For parasite intensities, hookworm was measured by egg counts in stool and catogorised as light (< 1,000 eggs per gram (epg) of stool), moderate (1,000 to 3,999 epg) and heavy infection (≥4,000 epg) [35, 38]. The intensity of malaria infection was categorised as being below ("low") or above ("high") the median parasite count, per 200 white blood cells. For microfilariae, tertiles of the number of filaria per millilitre of blood were used to categorise into low, medium and high infection intensity.

Data were analysed using Stata11SE (StataCorp LP, College Station, Texas, USA). Potential associations between KSHV seropositivity and each potential risk factor were estimated using the Pearson chi-squared test or Fisher's exact test where expected numbers were small. Odds ratios (ORs) and 95% confidence intervals (CIs) were calculated using logistic regression modeling controlling for age and other possible confounders. The possibility of multiple parasite infections increasing risk of KSHV seropositivity more or less than expected under a multiplicative model was assessed by fitting terms for interactions between parasites in the logistic regression model.

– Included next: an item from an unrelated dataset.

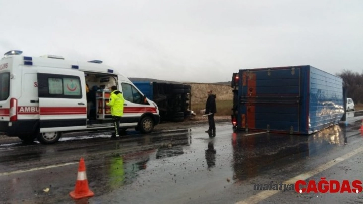 Çorum'da etkili olan yağmur nedeniyle kontrolden çıkan kamyonun devrilmesi sonucu meydana gelen trafik kazasında 2 kişi yaralandı.
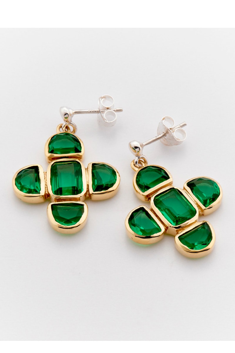 Boucles d'oreilles pendantes en argent et laiton serties de émeraude.

The agreement between K8.1 and ORF73 ELISA assays was assessed formally by calculating a Kappa statistic. All p values were 2-sided and we considered p<0.05 to be statistically significant.

Results and Discussion

The median age of women in the study was 23 years (IQR 19-27); most were in the third trimester of pregnancy (54% (1032/1915) with 46% (879/1915) in the second). The seroprevalence of HIV was 10% (193/1915) and the median CD4 count among those who were seropositive was 551 (IQR 368-796). The highest level of educational attainment reached by the majority of women was primary (50% [961/1911]), with 62% (1191/1915) describing themselves as unemployed or housewives and 82% (1561/1905) reporting a personal income of less than 30,000 Ugandan Shillings (approx. $12USD) per month. The prevalence of antibodies to K8.1 was 41% and to ORF 73 was 52%. 32% of women were seropositive to both antigens and 61% had antibodies to either ORF 73 and/or K8.1. There was moderate concordance between latent KSHV ORF 73 and lytic KSHV K8.1 assays in detecting KSHV seropositivity (k = 0.43), consistent with previous studies [37, 39]. Prevalence of antibodies did not change significantly with age, although the age range of study participants was relatively narrow. Previous studies of women in a similarly narrow age range in Africa have showed little or no association with age [27, 37, 39, 40]. As expected, prevalence decreased with increasing maternal education and household socioeconomic status [27]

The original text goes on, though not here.